(Records excerpted from a collection)
-- -- --

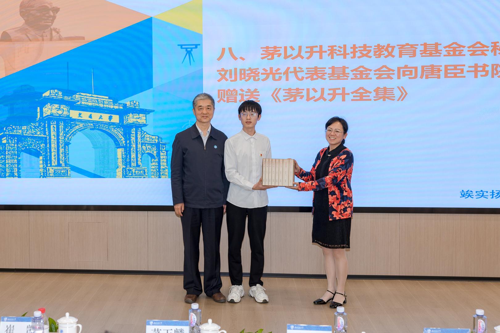 会上,茅以升科技教育基金会秘书长刘晓光代表基金会向欧美A片 师生赠送《茅以升全集》。
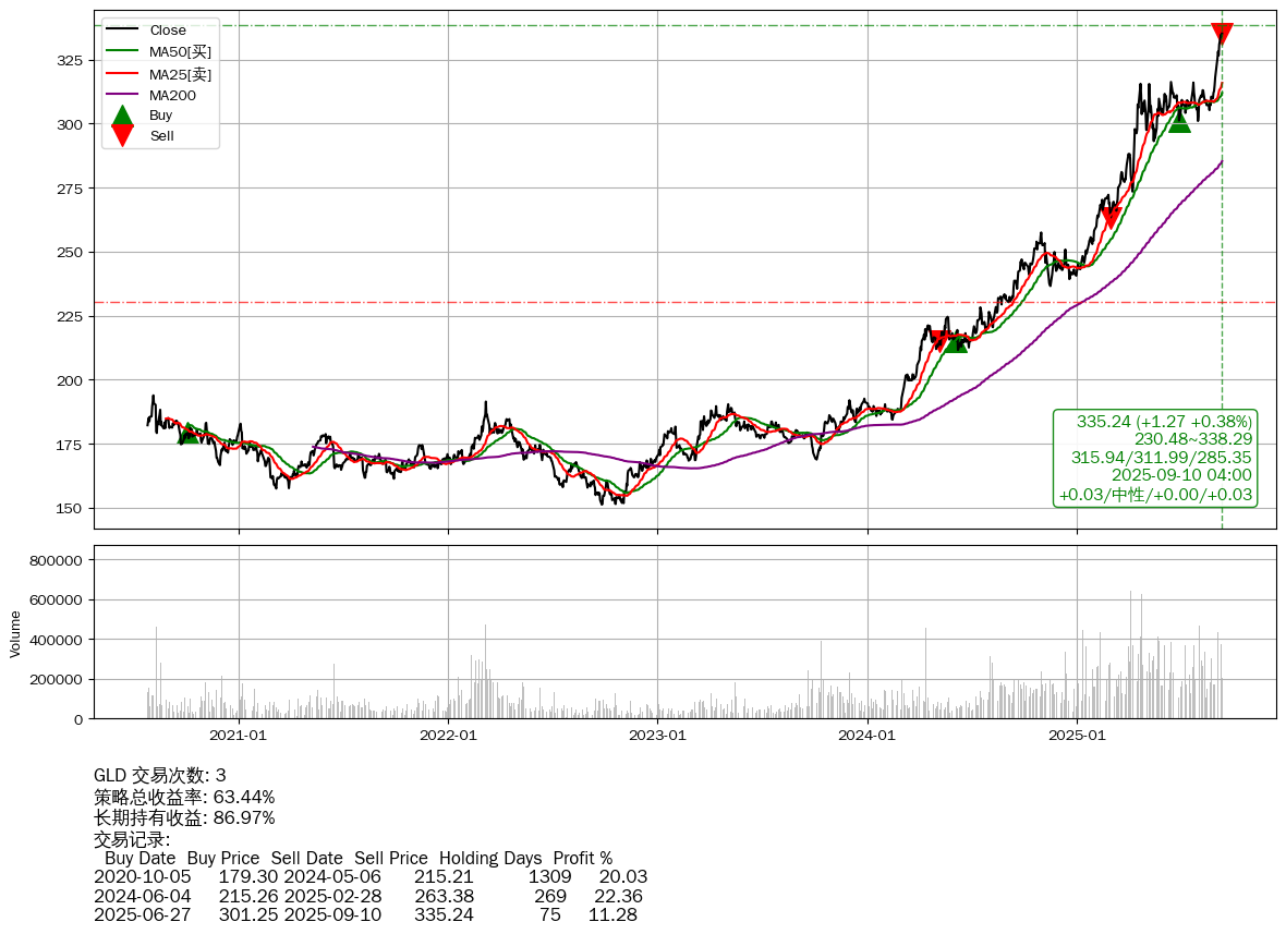 | 70 | ★GLD | +63.44% | +86.97% | -23.54% | 3 | +0.03/中性/+0.00/+0.03 | 2020-07-27~2025-09-10 |
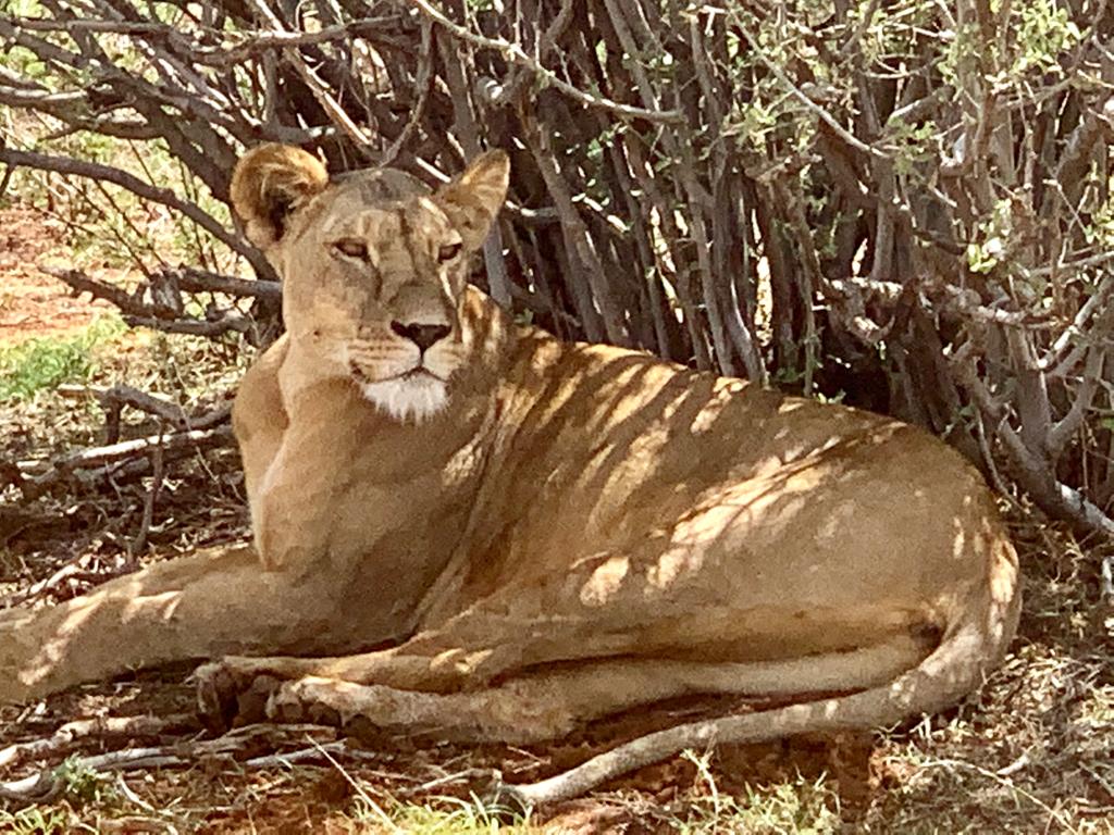 We went to check in the lion cubs. They were hidden in a bush but we saw mom and the three subadults.
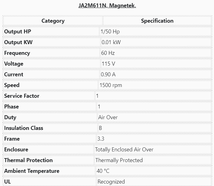 JA2M611N, Magnetek, 1/50Hp, 1550 Rpm, 115 Volts, Frame:3.3,TEAO,
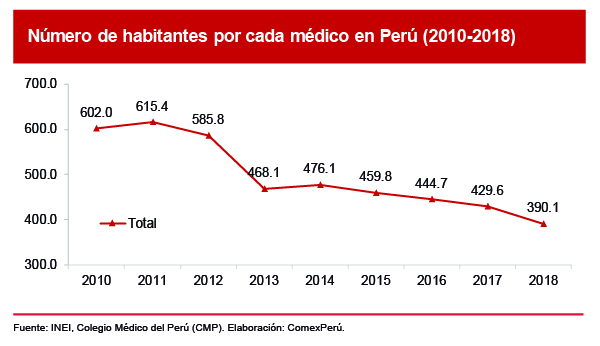 Según cifras del Instituto Nacional de Estadística e Informática (INEI), de 2018, departamentos como Cajamarca, Huancavelica, Amazonas y Ayacucho cuentan, en promedio, con 1 médico por cada 2,000 habitantes. Este déficit de recursos humanos evidencia la necesidad de pensar en una redistribución de los servidores de salud en aquellas regiones que cuentan con mayor número de médicos y que no implique su movilización física. En consecuencia, la telemedicina genera una ventana de negocios y mercado también para el sector privado, como la formación de hubs de telemedicina que incrementen la oferta de servicios médicos de calidad a través de la creación de call centers para la atención primaria de los pacientes.
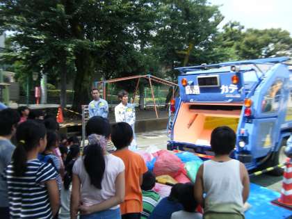 教室での学習の後は、校庭へ出て、子どもたちの学習用ゴミ収集車「カティ」を使って実際に収集車にゴミが回収される様子を見学しました。子どもたちは、実際に作業時に着用しているヘルメットや軍手、長靴をはいて、作業の一過程を体験しました。

-- -- --

EXERCISE BRIEF
Print from the line containing "3 | +0.03/中性/+0.00/+0.03 | 2020-07-27~2025-09-10 |" through the line containing "JA2M611N, Magnetek, 1/50Hp, 1550" in the data above, exactly as the lines stand, and omit every picture.

ANSWER TO THE EXERCISE
 | 70 | ★GLD | +63.44% | +86.97% | -23.54% | 3 | +0.03/中性/+0.00/+0.03 | 2020-07-27~2025-09-10 |
 We went to check in the lion cubs. They were hidden in a bush but we saw mom and the three subadults.
 JA2M611N, Magnetek, 1/50Hp, 1550 Rpm, 115 Volts, Frame:3.3,TEAO,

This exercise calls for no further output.